Tolantongo to miejsce, które z pewnością wpisze się w naszą pamięć na długo. Sam dojazd tu, bardzo stromymi serpentynami, po zboczach otaczających nas gór był związany był z dreszczykiem emocji. Nawet wówczas gdy kilka dni wcześniej obserwowaliśmy erupcje wulkanu Popocatépetl nie mieliśmy takiego „stracha”… Ale to opowieść na całkiem inna historię i odmienny Meksyk!

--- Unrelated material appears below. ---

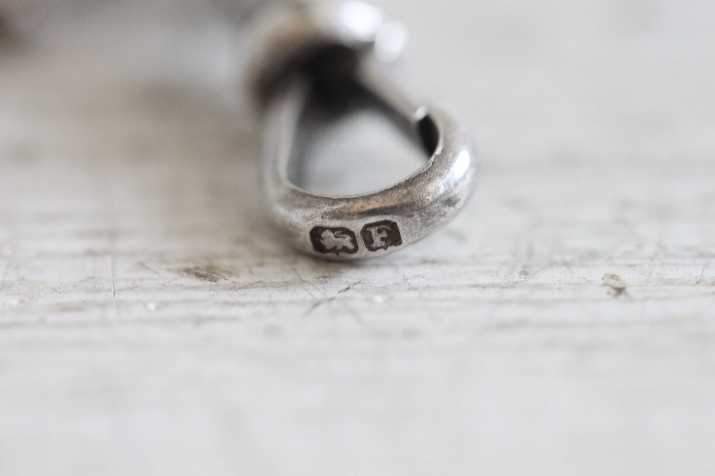 地金は純銀製。フック部分にホールマークあり(1930年バーミンガム製)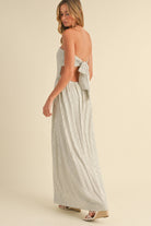 STRIPED LONG AND LEAN BACK TIE STRAPLESS MAXI DRESS

Podczas wizyty w Tolantongo, możesz liczyć na różnorodne aktywności, takie jak trekking, wspinaczka po wodospadach czy relaks w gorących źródłach. Buty Keen, a zwłaszcza sandały, doskonale sprawdzą się w tych warunkach. Ich podeszwa z odpowiednim bieżnikiem zapewniła nam dobrą przyczepność nawet na mokrych i skalistych powierzchniach, co jest istotne podczas eksplorowania wodospadów i górskich ścieżek. Poza tym ta cecha doskonale sprawdza się w mniej ekstremalnych sytuacjach. Dodatkowo, solidna konstrukcja butów zapewnia stabilność i ochronę dla stóp, co jest szczególnie ważne podczas wspinaczki czy pokonywania nierównego terenu. Dzięki nim mogliśmy cieszyć się pełnym komfortem i bezpieczeństwem podczas eksplorowania tego magicznego miejsca. Klimat pozwalał szybko wysychać obuwiu po każdym zamoczeniu stopy. Od wielu lat niezależnie od tego, czy idziemy do sklepu, spacer, wyruszamy na długie wędrówki, chodzenie po wodospadach czy relaks w gorących źródłach, buty Keen są niezawodnym towarzyszem naszych wyjazdów.
Podsumowując, Tolantongo to miejsce, które prędzej czy później powinno znaleźć się na liście każdego ciekawego świata podróżnika i turysty. Jego naturalne piękno, zapewniają niezapomniane doświadczenia i mnóstwo emocji. Niezależnie od tego, czy szukasz relaksu, przygody czy kontaktu z naturą, Tolantongo spełni Twoje oczekiwania.
Nasza rada: Jeżeli planujesz wizytę w tym rajskim zakątku, nie zapomnij zadbać o odpowiednie obuwie, które zapewni Ci komfort i wygodę w każdej chwili.